YTF Kenya Team Participates in TechFugees Hackathon

The YTF Kenya team developed innovative solutions towards health issues at the Kakuma Refugee Camp.

Last month, the YTF Kenya team was selected to participate in the first ever TechFugees Hackathon in Nairobi, Kenya. The event was organized by TechFugees, an international non-profit coordinating the international tech community’s response to the needs of refugees, asylum seekers and displaced people. The hackathon aimed to empower displaced people with technology and essentially find long-term solutions to their everyday challenges. Since the mission of YTF is to reach out to the marginalized communities, youth, and women to create innovative solutions to the challenges they encounter, it’s easy to see how closely the TechFugees and YTF missions align. The YTF Kenya team was thrilled to invest their intellectual capacity in competing!

How can we use technology and innovation to address the challenges faced by refugees?

The TechFugees Hackathon brought techstars, mentors, designers, business leaders, and members of the community together with newly-arrived and settled refugees to design a prototype. The main focus of the hackathon was to address health challenges in refugee camps. The Kenya Red Cross (KRC) Team issued a challenge to competing teams to develop an innovative solution to enable local health workers and community leaders to provide early health warnings in order to avert more serious health problems in Kakuma Refugee Camp. Kakuma Refugee Camp is located in Turkana in Kenya: close to the South Sudanese, Ugandan, and Ethiopian border. It is home to 186,000 refugees. Some of the problems faced by KRC in Kakuma include difficulties in tracing the locations of disease hot spots due to the dynamic change of location names inside the camp, and delays in reporting health problems due to language barriers and lack of literacy. The proposed solution would enable local health workers and community leaders to report issues quickly, potentially averting more serious health problems in the camp.
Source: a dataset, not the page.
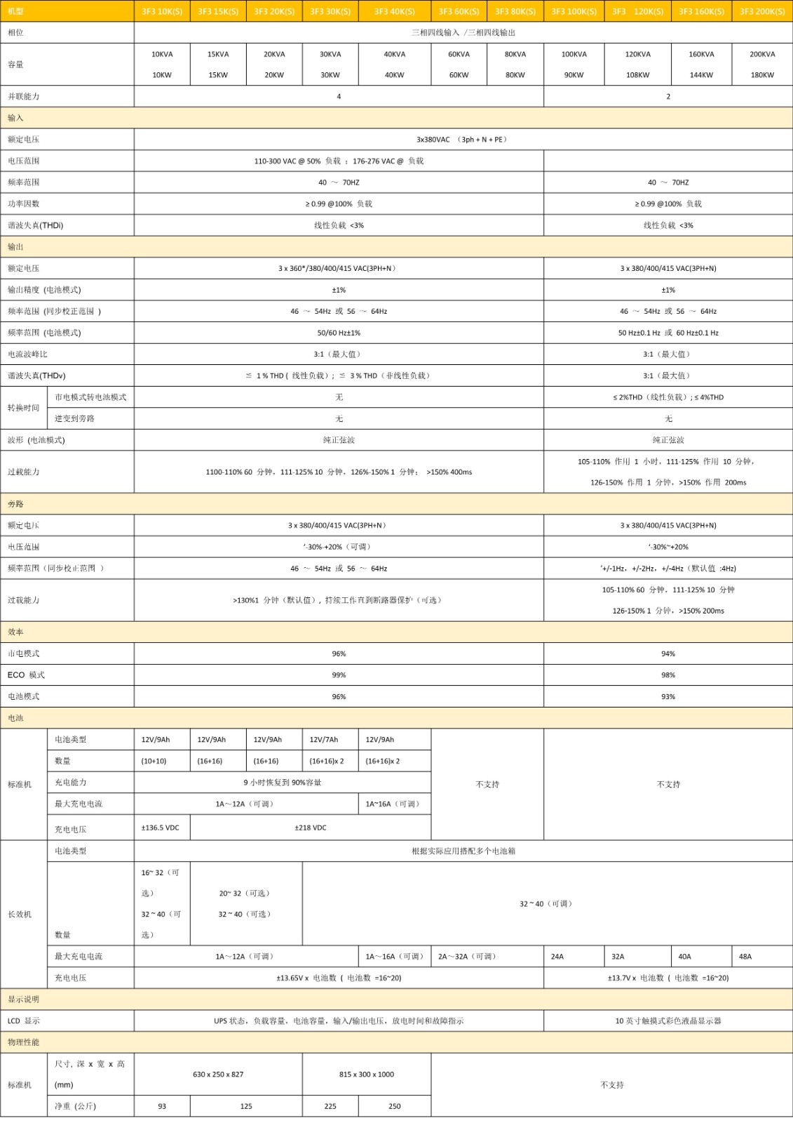 | 3F3 100KS | 100KVA/100KW,雙輸入,內(nèi)模塊設(shè)計,電池±16-±20節(jié)可選,尺寸:1000*430*1200 |

The three-day hackathon event was held at the iHub in Nairobi, Kenya. It kicked off with an a networking session where YTF’s Kenya team got the opportunity to interact with experts from Google, Oracle, Kenya Red Cross, Samuel Hall Foundation, and I-Hub. Speakers who presented at the event were John Peter Lowot and his brother John Michael who were previous asylum seekers who lived in Kakuma Refugee Camp. Listening to their conversations and hearing their first-hand experiences at the Kakuma Refugee Camp was awe-inspiring. They recount having to walk long distances in search of medical attention for their mother who suffered from a chronic disease. The inefficiencies in the administrative systems at the camp, limited opportunities, corruption, overwhelming number of refugees, and low numbers of qualified staff are some of the many problems they faced when trying to access medical care. “A problem is not the problem, but how to solve the problem is the problem,” Peter Lowot says.

During the hacking sessions, the participants were divided into teams depending their skills, backgrounds, and knowledge-base. Our YTF team had a diverse set of expertise ranging from electrical and computer engineering to software development. Teams brainstormed solutions to the challenges laid out by KRC. YTF team members were able to incorporate the experience they gained through executing YTF Academy in marginalized communities to develop some solutions for refugees living in camps.

Stacy Irara pitched her team’s solution at the TechFugees Hackathon in Nairobi, Kenya.

Mentorship breakout sessions helped teams to re-evaluate their proposed solutions and continue building on their ideas. “Your mobile application should fill in into the ecosystem of the refugees’ needs so that it can be of use and (make) sense to them. Bring the refugees to the centre of your solutions,” says Tayyar Sukru Cansizoglu, Head of United Nations High Commissioner for Refugees (UNHCR) programs in Kakuma. Tech experts from various organizations were on hand to help teams come up with designs for their prototypes. They provided very useful mentoring that our YTF participants report will stay with them beyond the hackathon.

The climax of the event was the pitch session. iHub provided mentoring to help prepare teams for pitching their solutions to the judging panel. One of the solutions that our YTF team members helped develop, Kwanza Aid, was a platform aimed at providing two access points of information that would enable community health workers and Kenya Red Cross to effectively provide crucial services and predict the occurrence of outbreaks before they happen. The Kwanza Aid prototype took into account the challenges faced in Kakuma such as poor mobile connectivity, illiteracy and language barriers, the types of mobile devices used by refugees, and the types of information that needs to be collected and transmitted. The Kwanza Aid solution used technologies such as geomapping, analytical tools, assistive technology, and Unstructured Supplementary Service Data (USSD) to facilitate timely responses to health emergencies in the camp.

Takeaways

YTF team members who participated in the TechFugees Hackathon say these were the three key points they are taking away from the event:

  1. Avoid disjointed design by inclusive innovation.
  2. Collaborate with other people in the ecosystem to achieve product market fit.
  3. Build your products into platforms to support different facets of life.

YTF cannot wait to revolutionize the lives of refugees at camps such as Kakuma with the robust technology solutions we developed at the Hackathon and the innovative thinkers we help develop every day through our education initiatives at YTF Academy in Kenya.